Por que é que muitas pessoas da Europa setentrional não temeram que os cortes nos direitos laborais nos anos 90 pudessem ser presságio do mesmo tipo de coisas que agora estão a ocorrer aqui (na Grécia)?
Acho que tudo é culpa de Esopo. A sua fábula da formiga e da cigarra: a formiga trabalha duro, não desfruta da vida, guarda dinheiro (ou valor), enquanto a cigarra se limita a descansar ao sol, a cantar e a não fazer nada, e depois vem o inverno e põe cada uma no seu lugar. É uma boa fábula: desgraçadamente, na Europa predomina a estranhíssima ideia de que todas as cigarras vivem no Sul e todas as formigas no Norte. Quando, na realidade, o que há são formigas e cigarras em todo o lado. O que aconteceu antes da crise - é a minha revisão da fábula de Esopo— é que as cigarras do Norte e as cigarras do Sul, banqueiros do Norte e banqueiros do Sul, por exemplo, se aliaram para criar uma bolha, uma bolha financeira que os enriqueceu enormemente, permitindo-lhes cantar e descansar ao sol, enquanto as formigas do Norte e do Sul trabalhavam, em condições cada vez mais difíceis, até nos tempos bons: conseguir que as contas quadrassem em 2003, em 2004, não foi nada fácil para as formigas do Norte e do Sul; e depois, quando a bolha, que as cigarras do Norte e as cigarras do Sul tinham criado, estoirou, as cigarras do Norte e do Sul puseram-se de acordo e decidiram que a culpa era das formigas do Norte e das formigas do Sul. A melhor forma de fazer isso era confrontar as formigas do Norte com as formigas do Sul, contando-lhes que no Sul só viviam cigarras. Assim, a União Europa começou a fragmentar-se, e o alemão médio odeia o grego médio, o grego médio odeia o alemão médio. Não tardará que o alemão médio odiará o alemão médio, e o grego médio odiará o grego médio.
Isso já começou, não?
Sim, já se vê. E é exatamente o que ocorreu nos anos 30, e Karl Marx estava completamente equivocado quando disse que a história se repete como farsa. Aqui a história repete-se, simplesmente.

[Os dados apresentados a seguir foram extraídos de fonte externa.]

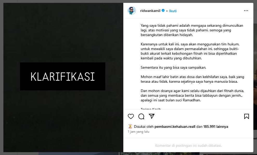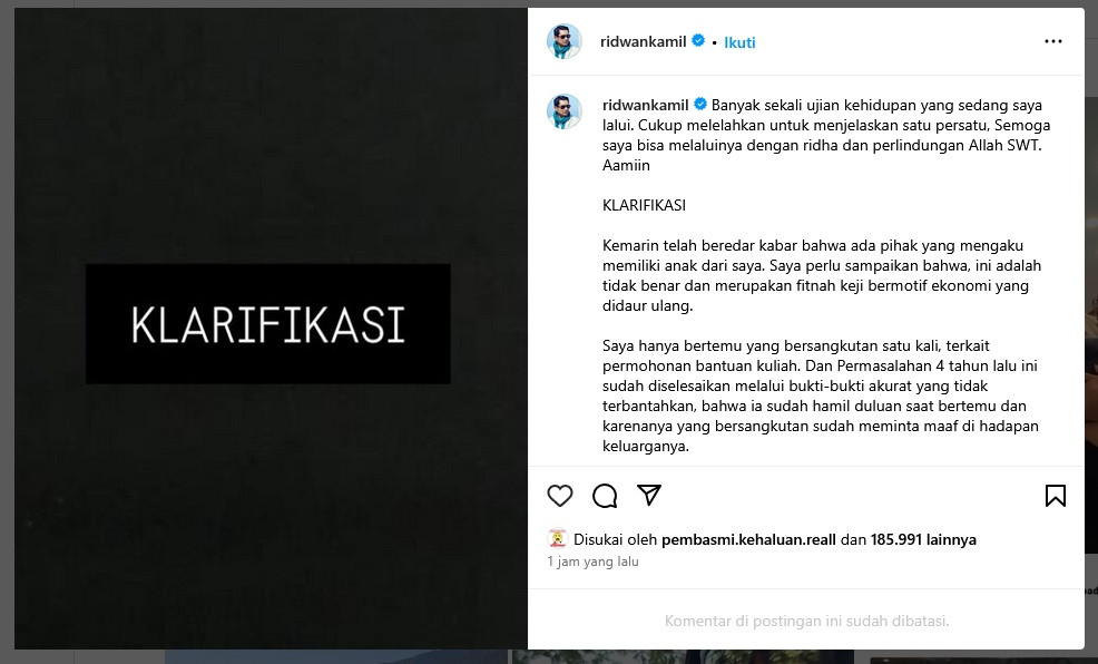 Melalui unggahan tersebut Ridwan Kamil juga mengungkapkan bahwa permasalahan mereka sudah selesai melalui bukti-bukti akurat bahkan Lisa Mariana telah hamil duluan.
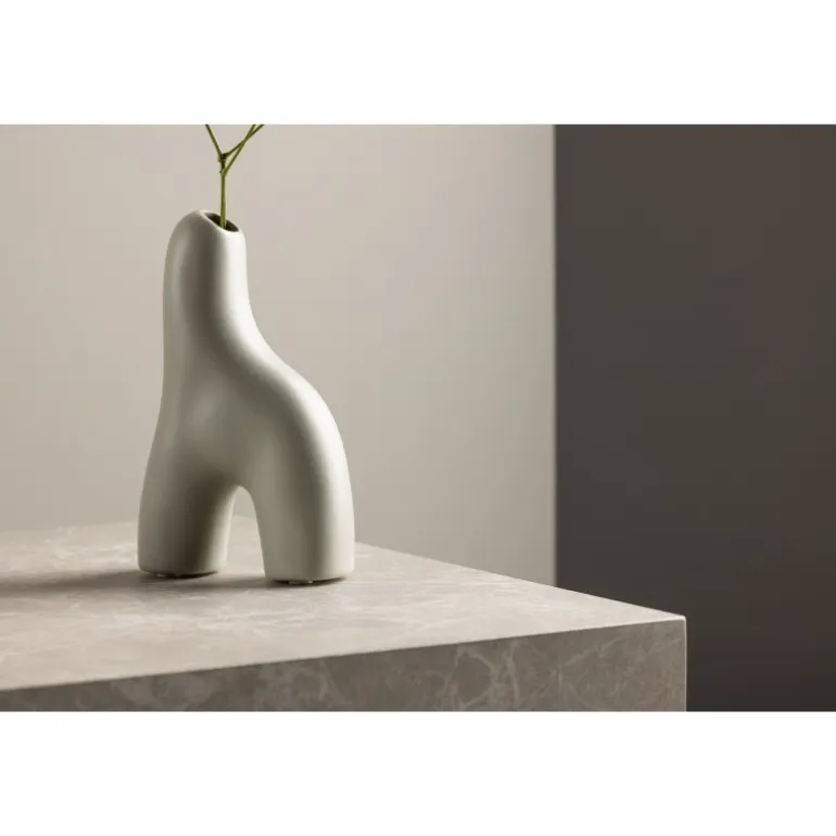 Aya er en fortryllende legesyg vase, der straks fanger øjet. Lavet af holdbart stentøj og med en højde på 16 cm er denne vase både en unik dekoration og et kunstværk i sig selv. Med sin karakteristiske og iøjnefaldende form er Aya en smagfuld tilføjelse til dit hjem. Den lysegrå farve giver Aya en subtil og elegant karakter, der passer godt til forskellige indretningsstile. Vasens legesyge form gør den til et udtryksfuldt element i rummet, og den bliver hurtigt et samtaleemne blandt besøgende. Aya er ikke bare en vase; den er en kunstnerisk detalje, der tilføjer et personligt præg til dit hjem. Dens unikke form gør den perfekt til enkelte blomster eller små buketter. Placer den på vindueskarmen, bogreolen eller skænken for straks at løfte indtrykket af dit rum. Lad Aya være et kreativt og legesygt indslag i dit hjem. Giv plads til dens unikke form og lad den udtrykke din personlige stil. Med Aya får du mere end bare en vase; du får en kunstnerisk skulptur, der bringer glæde og karakter til din indretning.
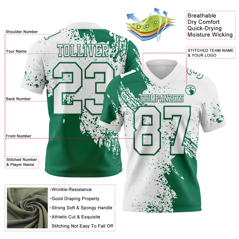 Custom White Kelly Green 3D Pattern Abstract Brush Stroke Authentic Football Jersey

No tocante à decisão do Sr. Draghi de inundar o mercado com biliões de euros, vi que você disse que isso é como usar uma pistola de água num incêndio florestal.
Acho que o Sr. Draghi tem boas intenções. Quer manter unida a zona euro, e é muito competente. Faz o que pode, dadas as restrições que tem. Não tenho a menor dúvida - ainda que ele nunca o admita - de que entende cabalmente que o que está a fazer é demasiado pouco e demasiado tarde: uma pistola de água perante um grande incêndio florestal. Mas ele acha que até uma pistola de água é melhor que nada. Se se declarou um incêndio, ele preferiria servir-se de um canhão de água, e teria preferido começar a usá-lo antes, mas não era permitido porque na Europa temos uma Carta do BCE que o ata de pés e mãos e o lança perante o monstro da deflação, o que é muito injusto para o BCE. E assim será enquanto a Europa não compreender o que é imperiosamente necessário do ponto de vista económico para sustentar uma união monetária, enquanto não entender por que se dá toda esta fragmentação e a crescente renacionalização de tudo, incluída agora a flexibilização quantitativa do senhor Draghi (80% das compras de títulos serão realizadas pelos Bancos Centrais nacionais, como se estes existissem separadamente do BCE). Porque essa fragmentação e essa renacionalização é exatamente o oposto do que deveríamos estar a fazer, apoiar, consolidar. Como se formaram os EUA? Pois, porque cada vez que tinham uma crise - a Guerra Civil, a Grande Depressão - avançavam na sua união. Nós dizemos que estamos a fazer isso com as “uniões bancárias”, com os “Mecanismos Europeus de Estabilização”, mas não é verdade. Criámos uma união bancária que não é uma união bancária, é uma desunião bancária, e chamamo-la, à maneira orwelliana, “união bancária”. A Europa não aprendeu com as lições da história , e enquanto não mudarmos de rumo, é altamente improvável que consigamos manter o conjunto da união.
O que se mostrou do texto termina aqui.